Настала осень, и когда я однажды в полдень пришел домой поесть, в нашей комнате на плетеном диване лежала черная шелковая накидка. Радостно удивленный, я подошел ближе, поднял легкую, приятную на ощупь ткань и рассмотрел ее со всех сторон. Затем поспешил на кухню, — там матушка готовила обед, и не такой, как обычно. Она сообщила мне о приезде учителя и его дочери, но тут же озабоченно добавила, что, к сожалению, они прибыли сюда не для своего удовольствия, а чтобы побывать у знаменитого врача. Перейдя в комнату и накрывая на стол, она в нескольких словах объяснила мне, что у Анны появились странные и тревожные признаки какой-то болезни, что учитель очень удручен, да и она, моя мать, — не меньше: судя по всему виду бедной девочки, можно было полагать, что это хрупкое создание долго не протянет.

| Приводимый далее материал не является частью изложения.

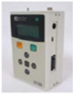
GT-526S P/N GT-526S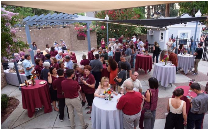
U of R/Town & Gown Night at the Bowl - Reception at Mission Gables Patio – July 30 th

Я сидел на диване, крепко держа в руках накидку и с недоумением слушая эти слова, — они звучали для меня так нежданно и чуждо, что я был более удивлен ими, чем испуган. В этот миг отворилась дверь, и вошли наши гости, столь же любимые нами, сколь и искренне почитаемые. Застигнутый врасплох, я встал, пошел им навстречу, и только собираясь подать Анне руку, заметил, что все еще держу ее накидку. Она покраснела и рассмеялась, а я смущенно стоял перед ней; учитель упрекнул меня в том, что я за все лето ни разу у них не показался; пока мы обменивались любезностями, я забыл о том, что мне рассказала матушка, к тому же ничто не бросалось мне в глаза и не напоминало об этом. И лишь когда мы уже сидели за столом, какая-то повышенная ласковость и внимательность матушки к Анне заставила меня насторожиться, и теперь я как будто начал замечать, что девушка чуть-чуть выросла, но в то же время стала более нежной и хрупкой. Цвет ее лица был прозрачным, а вокруг глаз, как-то по-особому блестевших то огоньком прежних дней, то глубокой мечтательной задумчивостью, легла тень страданий. Она была оживленна и много говорила, я же молчал, слушал и смотрел на нее; учитель тоже был оживлен и вообще держал себя, как обычно; ибо когда на долю близких нам людей выпадают невзгоды и страдания, мы не ударяемся в плаксивость, а почти с первого мгновения ведем себя с таким же самообладанием и предаемся такой же смене надежд, страхов и иллюзий, как и сами жертвы. Однако он все же попросил дочь не слишком много говорить, а у меня осведомился, знаю ли я уже о причине их маленького путешествия, и добавил:
— Да, милый Генрих! Моя Анна, по-видимому, намерена расхвораться! Но не будем падать духом! Врач сказал, что пока еще ничего определить и предпринять нельзя. Сделав нам кое-какие указания, он велел спокойно возвращаться к себе и жить там, а не переезжать сюда, — тамошний воздух для Анны благоприятнее. Этот врач даст нам письмо к нашему доктору и будет время от времени наезжать сам, чтобы наблюдать за больной.
Я не знал, что мне сказать и как выразить свое участие; но я густо покраснел, мне было стыдно, что я тоже не болен. Анна при словах отца с улыбкой посмотрела на меня, словно ей было жаль меня за то, что мне приходится выслушивать такие неприятные вещи.